Well good news. I got it shipped free of charge. And got it home today. It was quite a task.
    Started to disassemble the few broken parts. For the most part it should be pretty easy to repair.  As I see it now, the hardest piece will be the hand wheel for the carriage.   
   Don't tell my Wife that I have old lathe parts on her table.


----------



## Silverbullet

She will never know they were there. Hand wheel you might find a substitute on eBay or even craigslist. Good luck I think you'll enjoy the lathe.


----------



## smoky4712

Good morning,
 The problem I am finding is that the dial is mounted on the inboard side of the hand wheel. the bore is 62mm and a depth on 20mm . I can find the same size and offset but not enough material on the back side to machine for the dial location. 
   I may have to do a two piece to get it to work.


----------



## smoky4712

I may have found a the descendents of my Enco. 
   I was shopping new knee mills. Sort of fond of the Acer. While on their site, decided to look at the lathes. They are not a clone of mine but the gear box layout is the same and many of the parts look to be the same as well. 
   If anyone here has an Acer 17G series I would be very happy to talk to you.


----------



## smoky4712

Good afternoon. We'll as soon as I got the lathe in the garage. I decided to build a shed, I really needed to get my garage back. 10'x20' I decided would l work.  So the garage is nearly cleaned out. 
   I have some parts, just need to do some machine work to get them on. I worked on the cross slide and compound. Every thing is nice and tite. The nuts look great, no wear. I'm thinking that I should pull the cross slide back off. I really need to take off the carriage to get it Cleaned up. 
   I'm trying to get most of the work out of the way before the electrical work is done. Sub panel ect. 
   I will try to remember to snap a few pictures, for those that are interested.


----------



## smoky4712

Hello guys
   Well, I have been cleaning, and repairing. The selctor for the lead screw/ power feed would not turn. I had to take the levers and cover off of the lower gear box that controls feed speed. the slider would not slide. I found some distortions on the shaft around the key between the slider and drive shaft. I just cleaned that up and reassembled. I was thinking that it was due to a crash, but I can see no evedence of a crash. But may have been due to the state of the lead screw thrust bearing. When I removed the bearing block at the tailstock end, the bearing pocket resembled a rock crusher. One of the thrust bearing races was broken into little pieces and a few loose balls were left. I will add a few pictures. I'm afraid that I will have to turn the threaded end of the leadscrew down and rethread. I will also need to clean up the counterbore where the thrust bearing seats. I picked up some _ Devon Liquid Steel. _I hope that will work to build up the bearing seat.
   I did remove the entire carriage/saddle. As it turns out all of the oil passages were blocked with old hardend oil and dirt. had to repace the ball oilers. Also cleaned up and replaced the oilers and seal on the tailstock.
   As a buddy of mine said "no better way to learn about a machine than to take it apart" and he is right.  

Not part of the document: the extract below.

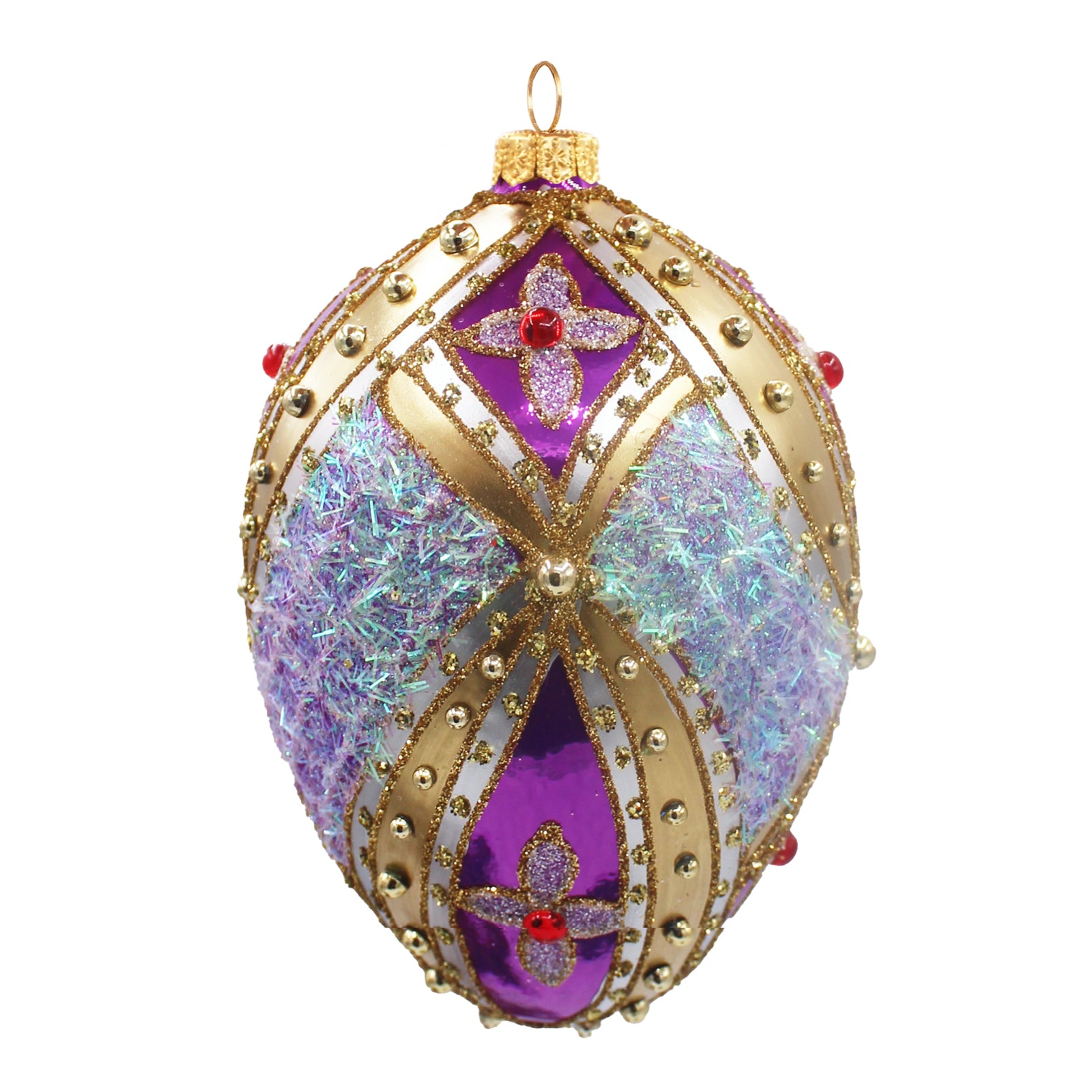 Œuf en verre soufflé avec effet holographique – décoration de Noël en verre soufflé – violet et doré – 12 cm

On a side note. While on my roadtrip, 24 states 6,498 miles, almost 4 weeks. I was driving through Pensacola Fl. and decided to swing by the Booth Machine shop. I did try to contact Adam before I started the trip. I didnt get a response. I concluded the worse that can happen, is he can tell me to get lost. So we stopped by and met Abom79. He was very nice, didn't seem to mind us stopping by. And I got a tour of the shop.


----------



## smoky4712

I forgot to mention. I just ordered a multifix toolpost as the lathe only came with an old lantern style. It was kind of difficult to figure out what size to order. I ended up with a B set I do have a feeling that I will be ordering more tool holders. The ordering process seems kind of clunky. 
   If anyone is interested I will take a few pics when it arrives.


----------



## smoky4712

Good news, and bad.
   I found a manual. In the process I figured out that I am missing most of the change gears. I was hoping that they would be an off the shelf item... no. I talked to the local gear suppler they will all have to be made. The set that is on the machine is not good for any threading that I can find. To have a complete set I would have to have 10 gears made. I wonder what the price tag on that will be. Depending on the price, I may opt. for just a few that will get me the most common combinations. And once again, when I took the gears in to be sized. They asked me if they were brand new. The outward apperance of the lathe would tell me that it has been used to death. But all of the common spots for wear are pretty much pristeen.
   I did order a multifix tool post set size B. I sure hope that it is the correct size. I probably should have orderd a few more tool holders. I will post a few pictures


----------



## markba633csi

You might want to look at Boston gear and Martin gear catalogs- maybe some off the shelf gears could be made to work?  
Probably save some money compared to making them from scratch
Mark


----------



## smoky4712

I went to the local Martin gear. The other option is to change all of the gears, then I could buy them off the shelf. I would just have to bore and broach them. They are I think a module 1.5 metric. I would have to change them to the similar standard type to get the similar gear sizes. I guess that is still an option.  Even then, I'm not sure they would have all of the oddball tooth counts. 
   All in, before the gears will have around $600 into the lathe. That's including new tool post and VFD
   If it sounds to good to be true, it probably is.


----------



## zamboni2354

Hey smoky,

I just picked up a 405gx1000 at a local auction. i haven't picked it up yet, but was wondering how your coming along on yours. it's been a while since you posted an update. 

jeff


----------



## smoky4712

I am fairly close. But crummy things like work gets in the way. 
   I just changed the oil last week. I should have some time this weekend to work on it some. Nearly ready to put some leveling feet on it, and set it in place. I am anxious to get it going. I need it from time to time. 
   You will have to post some pictures when you pick it up. 
    Don't forget the change gears lol.


----------



## zamboni2354

Here's the auction pics. I'm hoping I'll find some change gears in all the crap in the backwards installed tray. Lol. 
Jeff
	

	
	
		
		

		
		
	


	













Sent from my LM-V405 using Tapatalk


----------



## smoky4712

Yes looks very familiar. How long has it been sitting? mine was for many years. I am glad that I disassembled the carriage and apron, most of the oil galleys were clogged with what used to be oil.... I think. Besides , as my friend said "No better way to get to know your machine" 
   I'm no machinist, and I guarantee the people that ran mine weren't either. some of the things I found wrong with mine were inexcusable. 
   Good luck and keep us posted, I am looking forward to seeing your progress.   BTW Now I'm motivated to get mine running before you do.


----------



## Silverbullet

Nice lathe it has the feed kick off on it too. Great feature even for threading.


----------



## zamboni2354

Silverbullet said:


> Nice lathe it has the feed kick off on it too. Great feature even for threading.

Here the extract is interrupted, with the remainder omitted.